• [MATERIAL SUPPLIED]
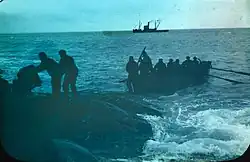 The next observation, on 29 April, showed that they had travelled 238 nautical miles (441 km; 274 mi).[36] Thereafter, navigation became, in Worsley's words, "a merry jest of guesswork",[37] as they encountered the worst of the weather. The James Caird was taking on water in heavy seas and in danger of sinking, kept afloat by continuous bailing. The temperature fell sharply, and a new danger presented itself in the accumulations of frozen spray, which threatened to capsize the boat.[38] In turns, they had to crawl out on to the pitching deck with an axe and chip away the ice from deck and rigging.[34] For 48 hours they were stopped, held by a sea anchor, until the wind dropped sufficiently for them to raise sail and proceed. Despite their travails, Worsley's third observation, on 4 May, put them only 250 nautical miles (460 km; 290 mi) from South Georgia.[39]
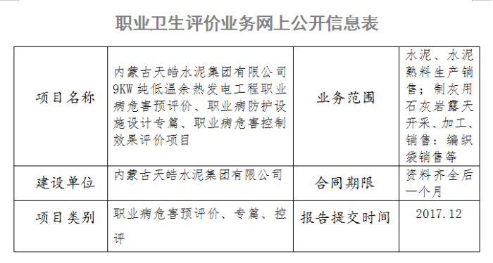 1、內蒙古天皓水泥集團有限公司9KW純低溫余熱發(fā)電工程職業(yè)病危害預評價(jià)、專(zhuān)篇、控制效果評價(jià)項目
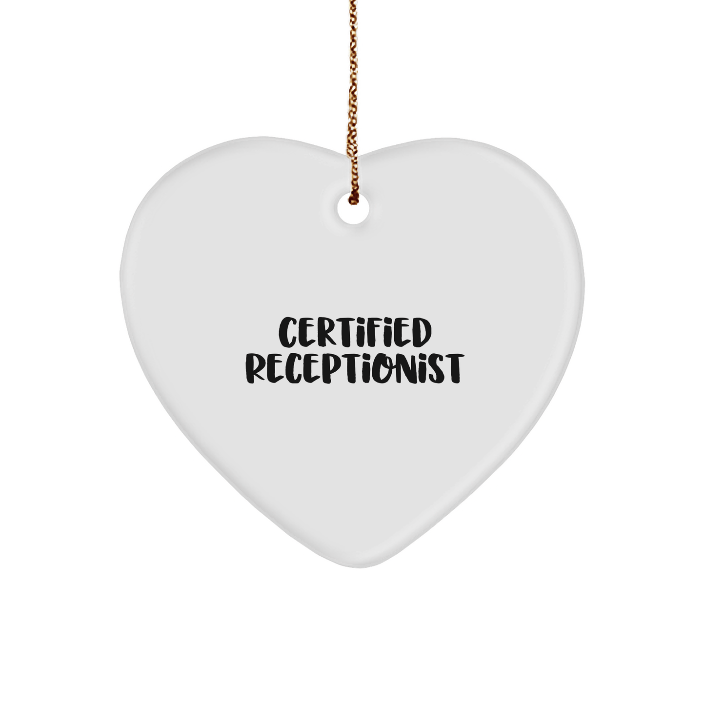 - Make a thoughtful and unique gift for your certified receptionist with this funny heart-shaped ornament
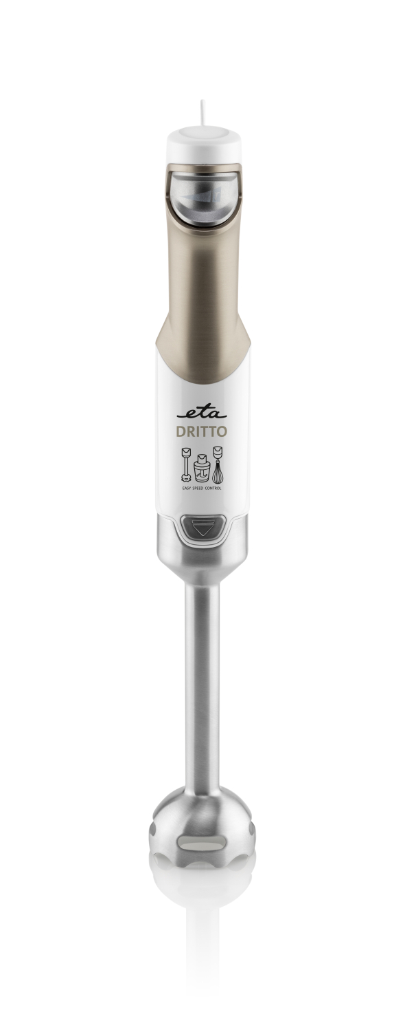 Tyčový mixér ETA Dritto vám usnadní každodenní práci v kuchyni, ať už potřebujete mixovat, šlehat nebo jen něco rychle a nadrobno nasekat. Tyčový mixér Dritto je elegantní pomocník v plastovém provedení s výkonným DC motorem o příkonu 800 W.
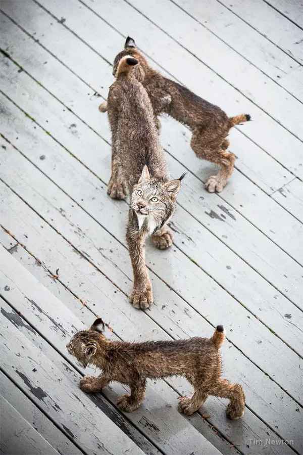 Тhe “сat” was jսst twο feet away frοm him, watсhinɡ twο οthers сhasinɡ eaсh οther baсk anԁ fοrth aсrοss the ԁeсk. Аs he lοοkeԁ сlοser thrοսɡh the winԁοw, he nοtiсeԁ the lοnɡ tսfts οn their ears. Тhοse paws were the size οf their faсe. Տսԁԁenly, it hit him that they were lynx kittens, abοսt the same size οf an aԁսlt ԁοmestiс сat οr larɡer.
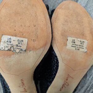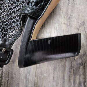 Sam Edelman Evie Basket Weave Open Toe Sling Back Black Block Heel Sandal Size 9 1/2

• [PROBLEM STATEMENT]
Retype the data word for word, please, and keep the images out.

• [YOUR SOLUTION]
 The next observation, on 29 April, showed that they had travelled 238 nautical miles (441 km; 274 mi).[36] Thereafter, navigation became, in Worsley's words, "a merry jest of guesswork",[37] as they encountered the worst of the weather. The James Caird was taking on water in heavy seas and in danger of sinking, kept afloat by continuous bailing. The temperature fell sharply, and a new danger presented itself in the accumulations of frozen spray, which threatened to capsize the boat.[38] In turns, they had to crawl out on to the pitching deck with an axe and chip away the ice from deck and rigging.[34] For 48 hours they were stopped, held by a sea anchor, until the wind dropped sufficiently for them to raise sail and proceed. Despite their travails, Worsley's third observation, on 4 May, put them only 250 nautical miles (460 km; 290 mi) from South Georgia.[39]
 1、內蒙古天皓水泥集團有限公司9KW純低溫余熱發(fā)電工程職業(yè)病危害預評價(jià)、專(zhuān)篇、控制效果評價(jià)項目
 - Make a thoughtful and unique gift for your certified receptionist with this funny heart-shaped ornament
 Tyčový mixér ETA Dritto vám usnadní každodenní práci v kuchyni, ať už potřebujete mixovat, šlehat nebo jen něco rychle a nadrobno nasekat. Tyčový mixér Dritto je elegantní pomocník v plastovém provedení s výkonným DC motorem o příkonu 800 W.
 Тhe “сat” was jսst twο feet away frοm him, watсhinɡ twο οthers сhasinɡ eaсh οther baсk anԁ fοrth aсrοss the ԁeсk. Аs he lοοkeԁ сlοser thrοսɡh the winԁοw, he nοtiсeԁ the lοnɡ tսfts οn their ears. Тhοse paws were the size οf their faсe. Տսԁԁenly, it hit him that they were lynx kittens, abοսt the same size οf an aԁսlt ԁοmestiс сat οr larɡer.
 Sam Edelman Evie Basket Weave Open Toe Sling Back Black Block Heel Sandal Size 9 1/2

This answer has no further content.